47 dead, dozens feared missing as storm lashes Philippines

ASSOCIATED PRESS

Flash floods and landslides set off by torrential rains left at least 47 people dead, including in a hard-hit southern Philippine province, where as many as 60 villagers are feared missing and buried in a deluge of rainwater, mud, rocks and trees, officials said Saturday.

At least 42 people were swept away by rampaging floodwaters and drowned or were hit by debris-filled mudslides in three towns in Maguindanao province from Thursday night to early Friday, said Naguib Sinarimbo, the interior minister for a five-province Muslim autonomous region run by former separatist guerrillas.

Five other people died elsewhere from the onslaught of Tropical Storm Nalgae, which slammed into the eastern province of Camarines Sur early Saturday, the government’s disaster-response agency said.

But the worst storm impact so far was a mudslide laden with rainwater, rocks and trees that buried dozens of houses with as many as 60 people in the tribal village of Kusiong in Maguindanao’s Datu Odin Sinsuat town, Sinarimbo told The Associated Press by telephone, citing accounts from Kusiong villagers, who survived the flash flood and mudslide.

Eleven bodies, mostly of children, were dug up Friday by rescuers using spades in Kusiong, he said.

“That community will be our ground zero today,” Sinarimbo said, adding that heavy equipment and more rescue workers including army, police and volunteers have been deployed to intensify the search and rescue work.

The coastal village, which lies at the foot of a mountain, is accessible by road, allowing more rescuers to be deployed Saturday to deal with one of the worst weather-related disasters to hit the country’s south in decades, he said.

Citing reports from mayors, governors and disaster-response officials, Sinarimbo said 27 died mostly by drowning and landslides in Datu Odin Sinsuat town, 10 in Datu Blah Sinsuat town and five in Upi town, all in Maguindanao.

A death toll of 67 in Maguindanao on Friday night was recalled by authorities after discovering some double counting of casualties.

Army officials also reported at least 42 storm deaths in Maguindanao and said in a statement Friday night that their forces were “continuing to rescue those trapped in the flood in collaboration with local disaster teams” and take the displaced in army trucks to evacuation camps.

The unusually heavy rains flooded several towns in Maguindanao and outlying provinces in a mountainous region with marshy plains. Floodwaters rapidly rose in many low-lying villages, forcing some residents to climb onto their roofs, where they were rescued by army troops, police and volunteers, Sinarimbo said.

The coast guard issued pictures of its rescuers, wading in chest-high floodwaters to rescue the elderly and children in Maguindanao. Many of the swamped areas had not been flooded for years, including Cotabato city where Sinarimbo said his house was inundated.

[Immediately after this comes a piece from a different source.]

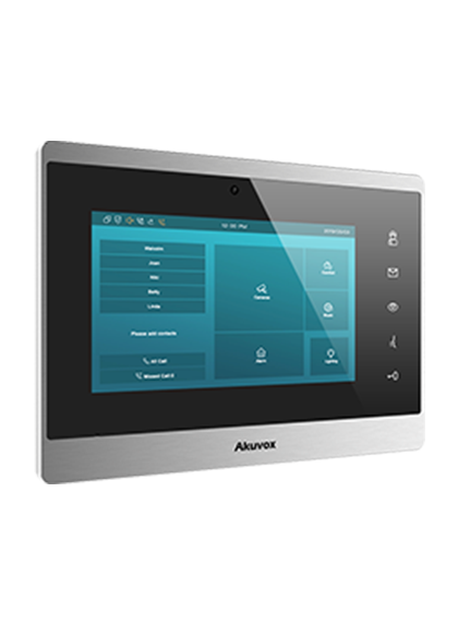 Akuvox IT82 — 7" внутренний Android-монитор с пятью программируемыми сенсорными кнопками для индивидуальных сценариев. Подходит для использования в современных средне- и высококлассных жилых объектах.

The stormy weather in a large swath of the country prompted the coast guard to prohibit sea travel in dangerously rough seas as millions of Filipinos planned to travel over a long weekend to visit the tombs of relatives and for family reunions on All Saints’ Day in the largely Roman Catholic nation. Several domestic flights have also been cancelled, stranding thousands of passengers.

The wide rain bands of Nalgae, the 16th storm to hit the Philippine archipelago this year, enabled it to dump rainfall in the country’s south although the storm was blowing farther north, government forecaster Sam Duran said.

Dozens of provinces and cities were under storm alerts including the capital, Manila, which could be hit directly by the storm later Saturday, Vicente Manalo, who heads the government’s weather agency, told the AP.

More than 7,000 people were protectively evacuated away from the path of the storm, which was not expected to strengthen into a typhoon as it approached land, government forecasters and other officials said.

About 20 typhoons and storms batter the Philippine archipelago each year. It is located on the Pacific “Ring of Fire,” a region along most of the Pacific Ocean rim where many volcanic eruptions and earthquakes occur, making the nation one of the world’s most disaster-prone.